The chief UN arms inspectors arrived in Baghdad today for urgent talks with Iraqi officials, bearing a long list of questions about Iraq’s weapons programmes and a demand for more “active co-operation” from Saddam Hussein’s government.

Hans Blix and Mohamed ElBaradei arrived for what Mr ElBaradei described as a “last-ditch effort” to persuade Iraq “to give us what we need” before the two report to the UN Security Council on January 27 to give their assessment of Iraq’s claim that it has no banned chemical, biological or nuclear weapons.

“We do not think that war is inevitable,” Blix told reporters in Baghdad. “We think that the inspection process that we are conducting is the peaceful alternative. It requires comprehensive inspections and it requires a very active Iraqi co-operation.”

“It’s in Iraq’s benefit to submit all the evidence it has, so that we can submit positive reports to the Security Council,” ElBaradei, head of the UN nuclear agency, told reporters. He said the possibility of war “very much depends on progress we make in the next few weeks”.

He and Dr Blix, head of the UN inspectors specialising in chemical and biological arms, landed at midday at Saddam International Airport after a flight from Cyprus, where they have a rear base.

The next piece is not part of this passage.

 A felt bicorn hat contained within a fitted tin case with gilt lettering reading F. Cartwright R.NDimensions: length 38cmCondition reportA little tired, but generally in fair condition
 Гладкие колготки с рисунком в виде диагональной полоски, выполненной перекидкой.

They were met by presidential science adviser Lt Gen Amer al-Saadi, who was to lead the Iraqi delegation in three hours of talks this afternoon and for two hours tomorrow morning, after which the UN officials would depart.

“We need to show progress because the international community is getting very much impatient,” ElBaradei said in Cyprus. “We need to bring closure to the Iraqi file on weapons of mass destruction.”

Blix said the inspection program was not “a preview to war. It is an alternative to war and that is what we want to achieve. We are not here to humiliate or to insult. We are here to inspect in the best, correct manner.”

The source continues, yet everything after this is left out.